Bereits seit 1992 sind diese britischen Seelenbohrer nun schon am Werk, im knallharten Schwermetall-Geschäft, zumal im Doom Metal, also schon knapp eine halbe Ewigkeit.

Mit ihrer gezielt kreierten depressiven Emotionsmusik wollten die Beteiligten von Anbeginn an die Bedeutung des Begriffes Esoterik bestmöglich einfangen, was ihnen auch heute noch im extrem ausgeformten Funeral Doom Death Metal-Rahmen bestmöglich erscheint.

Mit dem neuen Studioalbum „The Maniacal Vale” wiederholt sich nun zum fünften Mal ein beängstigend desolat und unheilbar resignativ anmutendes Langspielspektakel, dessen Schrecken erzeugende klangliche Anmut den extremen Empfindungen einer unendlich lange gequälten Kreatur im entsetzlichen Todeskampf gleicht.

Um so etwas so derart abgrundtief verzweifelt und so gigantisch peinigend hinzukriegen, muss man wohl selbst vom Leben nicht gerade verwöhnt worden sein.

Das Sextett jedenfalls musiziert, als hätte es für sie nie ein Morgen gegeben.

Unter ähnlich veranlagten Tränentankern wie beispielsweise Skepticism, Funeral, Thergothon oder auch den Langsamkeits-Fetischisten Disembowelment kann den sechs englischen Esoterikern bedenkenlos exorbitante Extremität bescheinigt werden.

„Unsere Musik ist primär sehr dunkel und außerordentlich gefühlvoll sowie jederzeit intensiv.

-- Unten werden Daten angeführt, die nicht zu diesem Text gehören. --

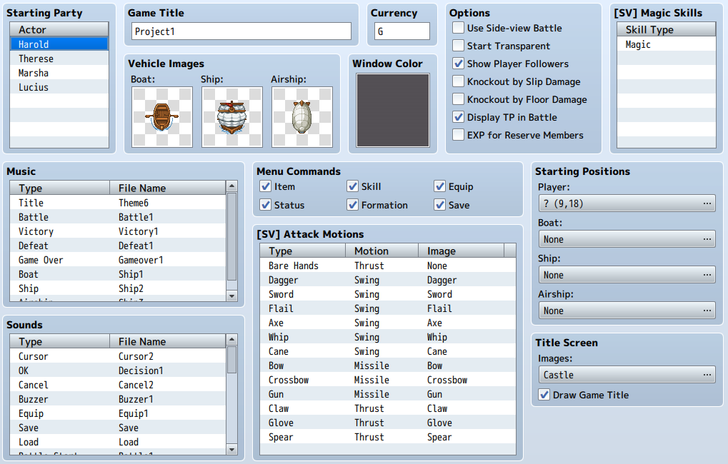 System data is the collection of things such as the initial settings for the game. You can specify things such as the formation and positions of party members at the start of the game, and the music that places in various situations during gameplay.
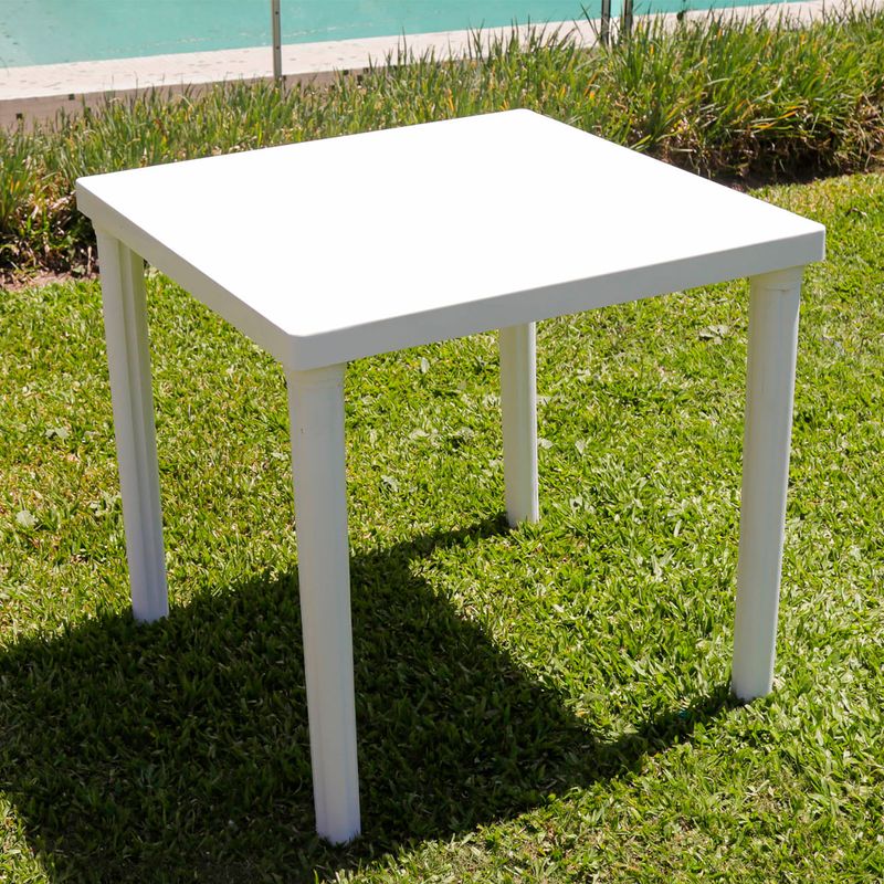 Mesa compuesta de material polipropileno con patas encastrables y de fácil armado.
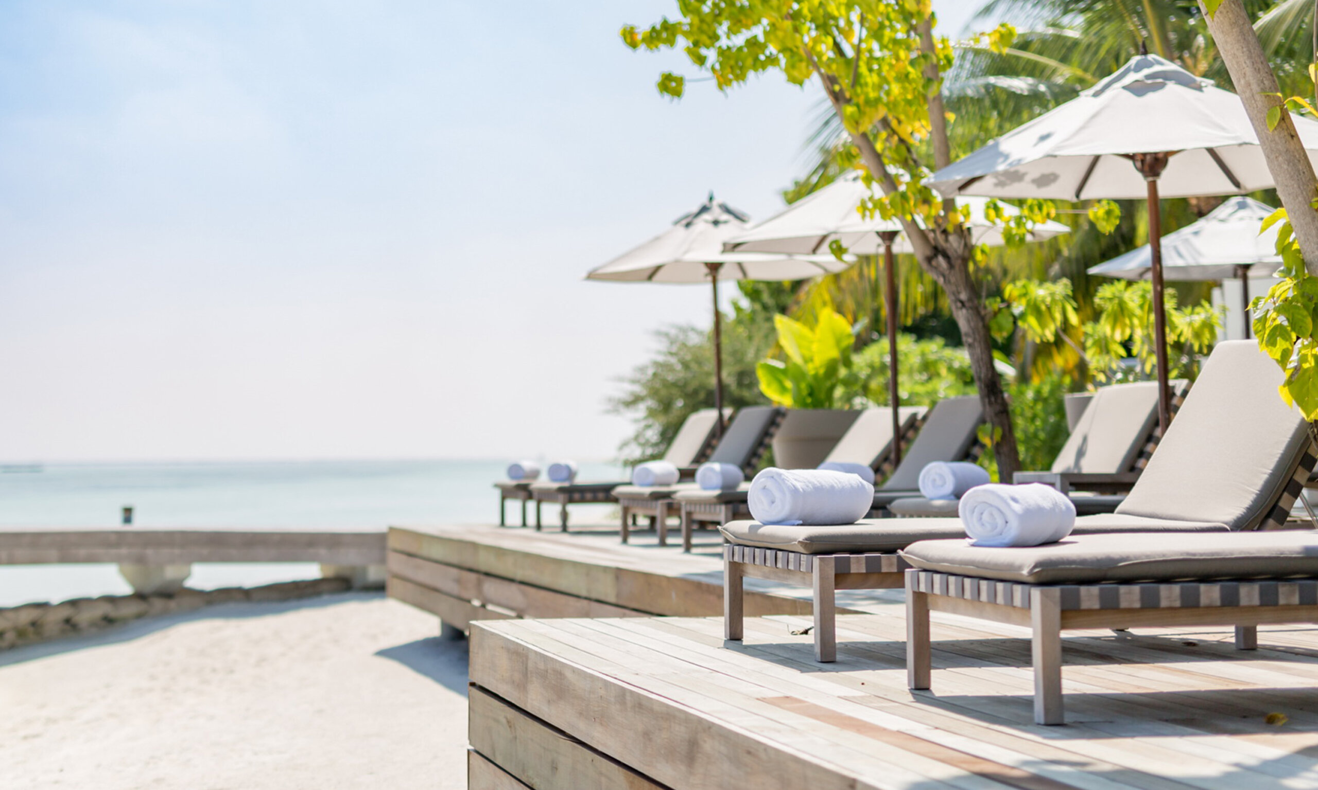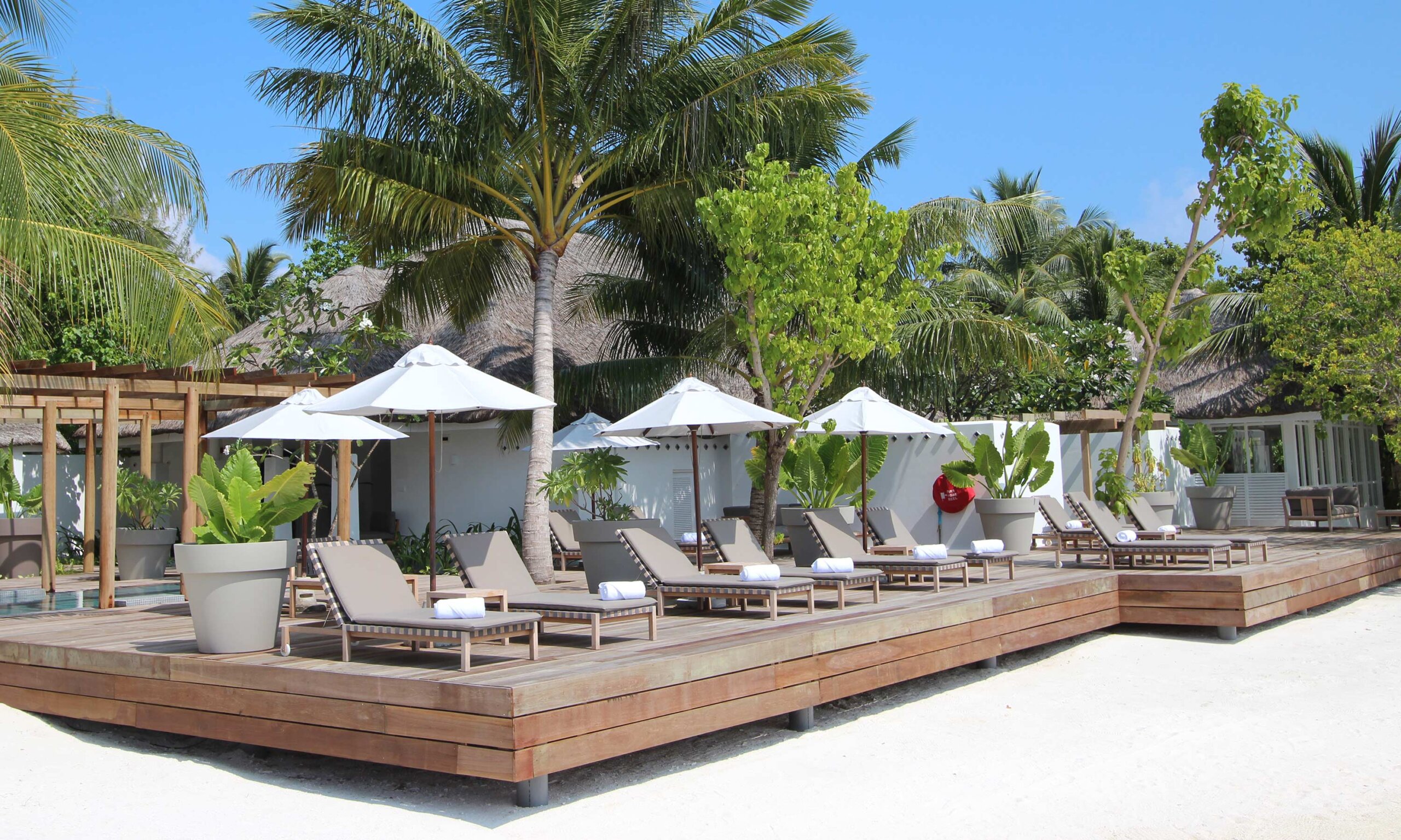 Les meubles d’extérieur exclusifs RODA ont été sélectionnés pour le mobilier de la plage et, grâce au choix de couleurs sobres et de matériaux utilisés, ils s’intègrent parfaitement au paysage paradisiaque et aux sables blancs des Maldives.

Man könnte das Ganze gerne auch ganz einfach als insgesamt sehr extrem umschreiben. Manche Leute meinen ja auch, dass wir mit Esoteric den reinen Wahnsinn kreieren, womit sie sicherlich nicht ganz Unrecht haben“, stößt Kehlen- und Stromgitarren-Schinder Greg Chandler mit ziemlich paranoid klingendem Tonfall aus, einen befremdlich sarkastischen Unterton nicht beiseite lassend.

Wie der überaus eigenwillige Saitendehner dann gleich noch ergänzt, übt der obertriste Apokalypse-Sound seiner unbeirrbaren Schneckentempo-Truppe auch in gewisser Weise beruhigende Wirkungen auf die Hörer aus.

„Ich sehe selbst das jedenfalls so. Aber dazu möchte ich hier nicht tiefer drauf eingehen, dass sollen die Leute am Ende bitte selber einschätzen beziehungsweise entscheiden.“

Im direkten Vergleich mit dem 2004er Vorgängeralbum „Subconscious Dissolution Into The Continuum” ist der aktuelle Auswurf ein wenig psychedelischer ausgefallen, so der kauzige Chandler.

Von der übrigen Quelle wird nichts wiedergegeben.